Chapitre de la chute
Chapitre de la chute © Jean-Louis Fernandez

Arnaud Meunier met en scène une pièce fleuve de l’écrivain italien Stefano Massini autour de la saga Lehman Brother. Cela se regarde comme un feuilleton. La pièce créée à la Comédie de Saint-Etienne va ensuite tourner jusqu’au mois de février en France.

La chute de la banque Lehman Brother a entrainé en 2008 la chute des bourses mondiales. Arnaud Meunier a découvert la pièce de Stefano Massini lors du comité de lecture du Rond-Point. C’est une saga romanesque qui nous fait traverser 200 ans de l’histoire économique des Etats-Unis. On suit l’histoire de cette famille d’émigrés juifs allemands arrivée aux Etats-Unis en 1844.

Les trois frères Lehmann (Henry, Emanuel et Mayer) débarquent en Alabama pour ouvrir un magasin de tissus, puis de fil en aiguille il ouvrent une banque. Leurs enfants font prospérer l’affaire familiale. Philip a le sens des affaires. Il multiplie investissements dans le charbon et le chemin de fer. Herbert Lehman devient gouverneur de New-York tandis que Robert rêve de cinéma. Le krach de 1929 vient bouleverser la donne. C’est le début de la chute. La famille Lehman va s’éteindre à petit feu, les héritiers vont disparaître, les traders vont prendre le contrôle de la banque qui sera vendue en 2008.

L’auteur Stefano Massini ne juge la famille Lehman Brothers, il raconte une histoire. C’est au spectateur de se faire sa propre idée.

Arnaud Meunier a imaginé une scénographie évolutive qui regorge de trouvailles et de belles surprises.

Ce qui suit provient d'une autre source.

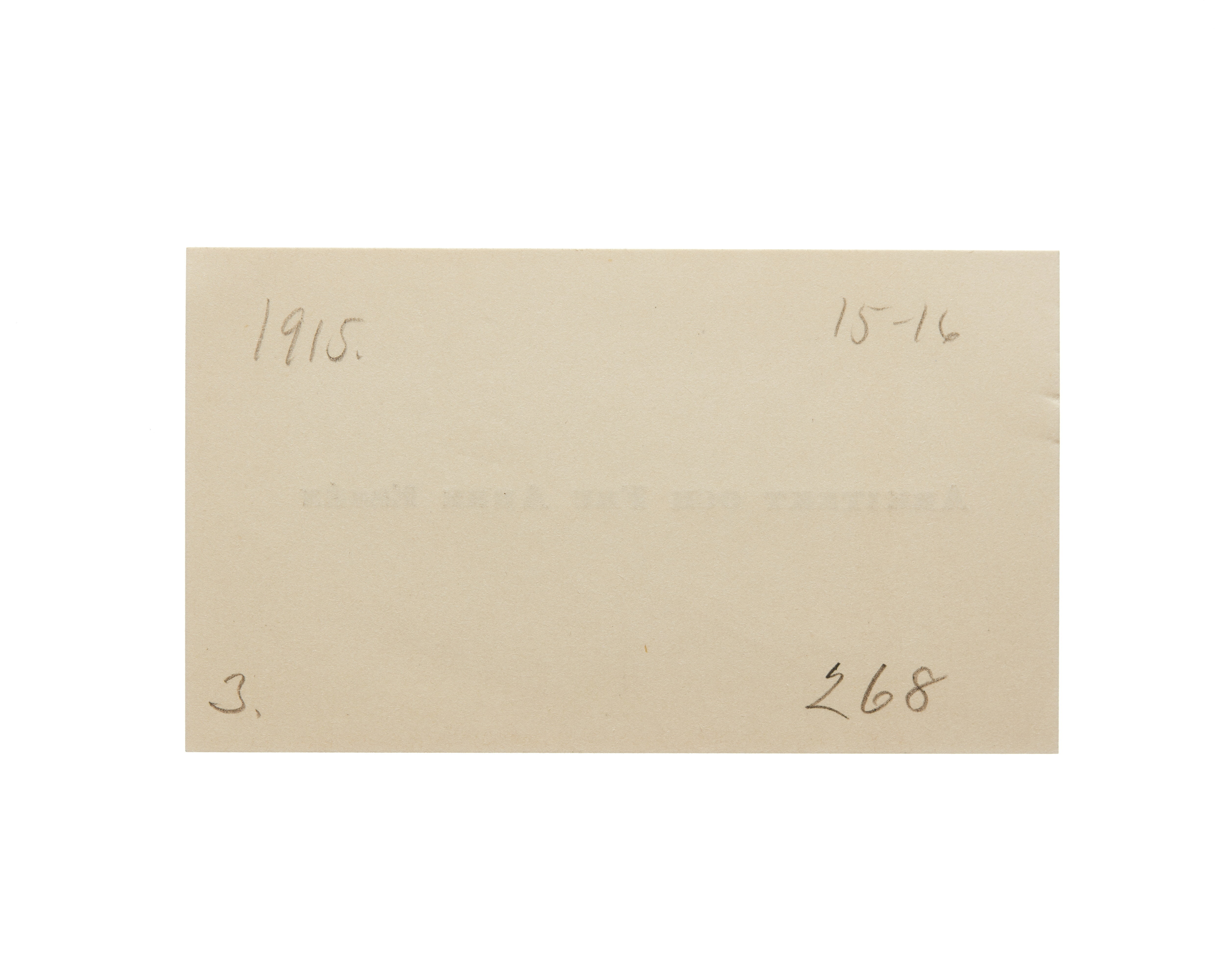 Femton visitkort från Arkitekt Arre Essén och Fru Essén. Första kortet är utan datum. Andra kortet är utan datum, vikt i övre vänstra hörnet. Tredje kortet daterat 1915. Fjärde kortet daterat 1916 samt sorgkant. Femte kortet daterat 1917, vikt i övre vänstra hörnet. Sjätte kortet daterat 1919. Sjunde kortet daterat 1921. Åttonde kortet daterat 1921. Handskrift (nedanför namnet) "Med djupaste deltagande". Nionde kortet daterat 1922. Tionde kortet daterat 1923. Elfte kortet daterat 1924. Tolfte kortet daterat 1926. Trettonde kortet daterat 1925. Fjortonde kortet daterat 1928. Femtonde kortet daterat 1929 samt sorgkant.

Stefano Massini est à la frontière entre littérature, théâtre et cinéma. Du coup il prend plaisir à écrire des variations autour de la thématique. La première pièce est chronologique, elle raconte l’histoire des trois premiers frères juifs allemands qui arrivent en Alabama pour ouvrir un magasin de tissus, puis de fil en aiguille ouvrir une banque. Dans la deuxième pièce qui s’échelonne jusqu’à la crise de 1929 s’ouvre un espace pour le fantastique avec la question de l’équilibre et du déséquilibre, avec la figure de la chute qui commence à hanter chacun des personnages. Et la troisième pièce ouvre une dimension plus biblique et mythologique où Massini nous invite à ramener l’humain à ses propres contradictions. Ce que j’aime dans le projet de Massini c’est qu’à aucun moment il ne juge les Lehman Brothers, il raconte. En racontant on se réapproprie une histoire qui est vécue comme une mécanique infernale qui nous échappe. Plutôt que les désigner comme des grands satans, cela nous ramène à notre propre contradiction d’être humain. Chaque être humain a envie d’aller plus loin et de se dépasser. La pièce crée un trouble. On a une sorte de fascination pour la « success story » de ces frères émigrés à la manière d’Elia Kazan, on est en empathie avec eux. Cela nous ramène à nos propres contradictions.